= The Sons of Pitches =

British a cappella vocal group

The Sons of Pitches are a British vocal group who specialize in a cappella and beatbox. They won the BBC 2 television series, The Naked Choir, in 2015 with six members, Joe Novelli, Joe Hinds, Joe Belham, Jamie Hughes, Josh Mallett and Midé Adenaike.

The Sons of Pitches were formed in 2010 when they were all studying at the University of Birmingham. The three Joes are known amongst the group as Novs, Bells and Hinds. Jamie Hughes left the group in 2019 to pursue a career outside of music.

The group had their cover of Skrillex’s Scary Monsters and Nice Sprites selected for Sing 12, the Contemporary A Cappella Society Association’s compilation CD.

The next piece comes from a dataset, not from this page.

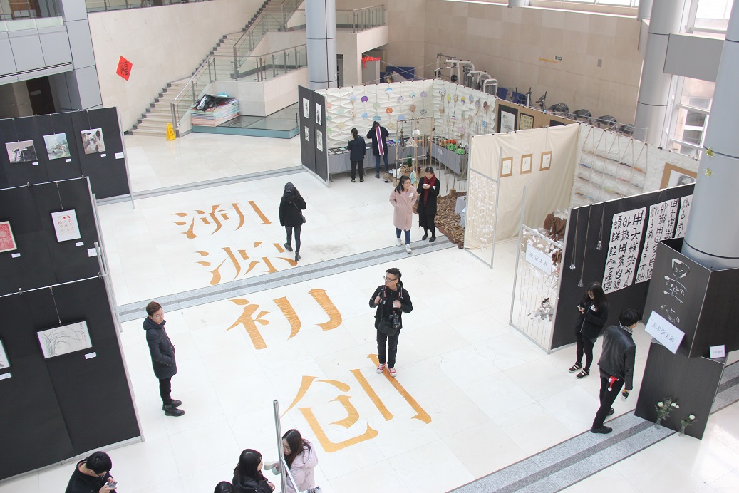 12月25日上午10点,艺术学院学生作品展卖暨“艺创”中心成立仪式在文化中心大厅和文化长廊同时进行。在文化中心大厅举行了“艺创”中心成立仪式。仪式采取了学生作品展卖会的形式,共展出了艺术学院学子的书法、国画、油画、版画、摄影、立构等本学期的课程作业作品,共计300余件。现场,师生共话艺术、品鉴作品。活动当天,展卖会共售出11件作品,成交额达到6000余元。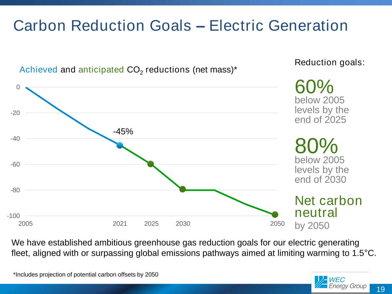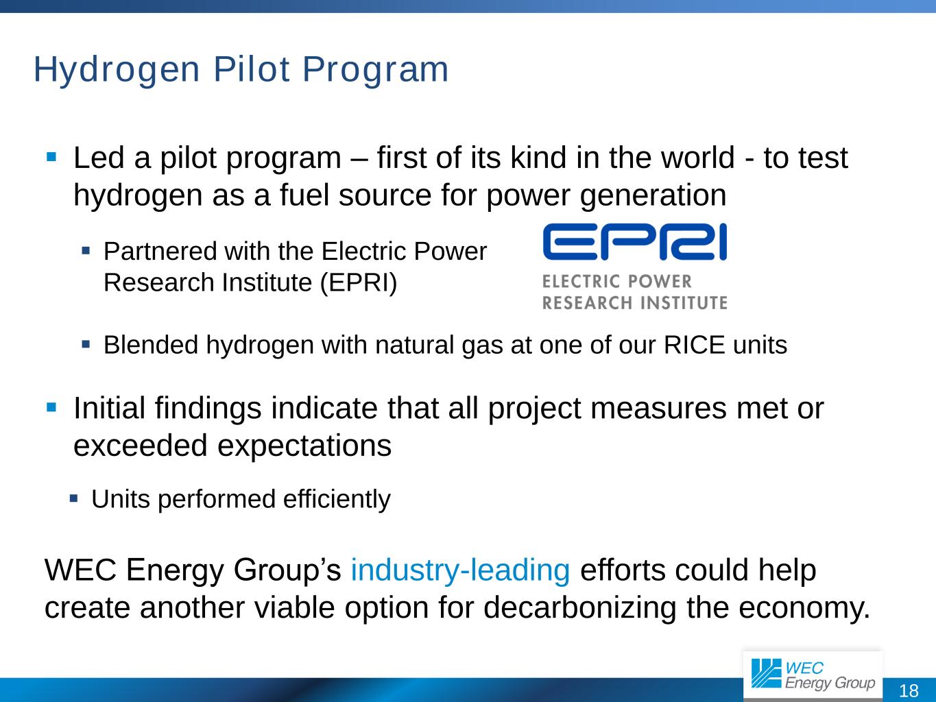 18  Led a pilot program – first of its kind in the world - to test hydrogen as a fuel source for power generation  Partnered with the Electric Power Research Institute (EPRI)  Blended hydrogen with natural gas at one of our RICE units  Initial findings indicate that all project measures met or exceeded expectations  Units performed efficiently WEC Energy Group’s industry-leading efforts could help create another viable option for decarbonizing the economy. Hydrogen Pilot Program

Following their success on The Naked Choir, in 2016 they embarked on a 26-date tour of the UK.
They toured the UK with a new stage show in 2017, celebrating the world of television. They have performed in the USA and Asia as well as at the International Championship of Collegiate A Cappella Final in New York, the Hong Kong International A Cappella Festival, the Edinburgh Fringe Festival. They then toured across the UK again in 2018, where they celebrated music by singing 100 number one hits throughout the decades, including ABBA, George Ezra, and many more, and again in 2019, where they celebrated songs from across the globe and performed their own song "Pelu Mi" sung by Midé, who normally performs the groups beatboxing. And to celebrate 10 years of the Sons of Pitches, they started a tour in 2023 celebrating their "best bits" over their time performing.

They were unable to tour between 2020-2022 due to COVID-19 restrictions in the UK, but still put together covers to post on their YouTube channel.